09.09.2010
autor: Agata Wieczorek
kategoria: Choroby kotów
Tasiemce
W przypadku tych pasożytów także u kotów domowych najczęściej zdarza się inwazja dwóch gatunków tasiemców. A są to Dipylidium caninum oraz Taenia taeniaeformis. Różnią się one drogą zarażenia oraz wyglądem. Pierwszy z nich to tasiemiec psi, który u zwierząt może dochodzić nawet do długości około 80 cm. Człony wydalane przez tego pasożyta mają zdolność poruszania się i są w kształcie ziarenek ryżu. Do inwazji dochodzi w czasie połknięcia zarażonej pchły. Natomiast drugim rodzajem tasiemca zwierzęta zarażają się w przypadku zjedzenia szczura bądź ptaka.
Nicienie
Do tych pasożytów zaliczają się tęgoryjce, włosogłówki oraz nicienie płucne i sercowe. Tęgoryjce to małe nicienie, do około 2 cm długości. Pasożytują w jelicie cienkim kota. W naszej strefie klimatycznej problem tej inwazji praktycznie nie występuje. Najpopularniejsze są u Nowej Zelandii, Australii czy USA.

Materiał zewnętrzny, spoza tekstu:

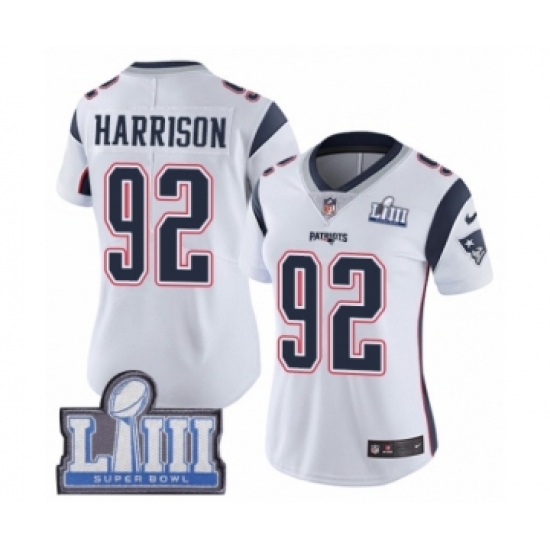 Women's Nike New England Patriots #92 James Harrison White Vapor Untouchable Limited Player Super Bowl LIII Bound NFL Jersey
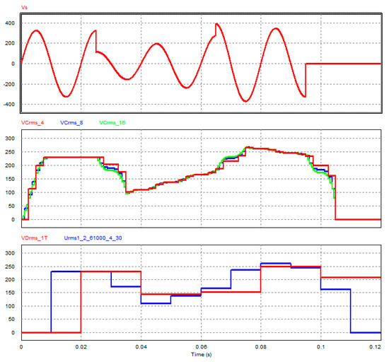 Urms(1/2) for a voltage signal (Vs) are compared. The significant differences between the two compared methods may be easily checked: the moving window method depicted in the traces is labeled as VCrms_x for four, eight, and 16 samples per half a period, respectively, and the IEC method presented in the traces is named VDrms_1T and Urms1_2_6100_4_30.
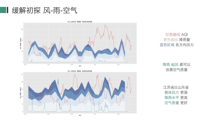 我主要做了以下几个方面的统计、分析和可视化:空气质量、水质、污染、风、雨。可视化的工作包括使用python和R绘制静态可视化图片,以及使用D3进行交互可视化。

Włosogłówki należą także do bardzo małych nicieni. Mają długość około 7 cm. Umiejscawiają się w jelicie grubym. Ich jaja są niezwykle odporne na warunki środowiskowe, w sprzyjających warunkach mogą przetrwać nawet kilka lat. Zwierzęta zarażają się przez zjedzenie właśnie takich jaj.
Pierwotniaki
Główny przedstawiciel tego gatunku występujący u kotów to oczywiście Toxoplasma gondii. Żywicielami pośrednimi tego pierwotniaka są małe gryzonie i ptaki. Poprzez zjedzenie tych zwierząt dochodzi do inwazji. Pasożyty umiejscawiają się w nabłonku jelita cienkiego kota. Choroba wywoływana przez te pierwotniaki u zwierząt rzadko daje objawy, jednak jest niebezpieczna dla człowieka. W Polsce przypadki zachorowań podlegają nakazowi zgłaszania, a postępowanie z chorymi osobami określają odpowiednie przepisy.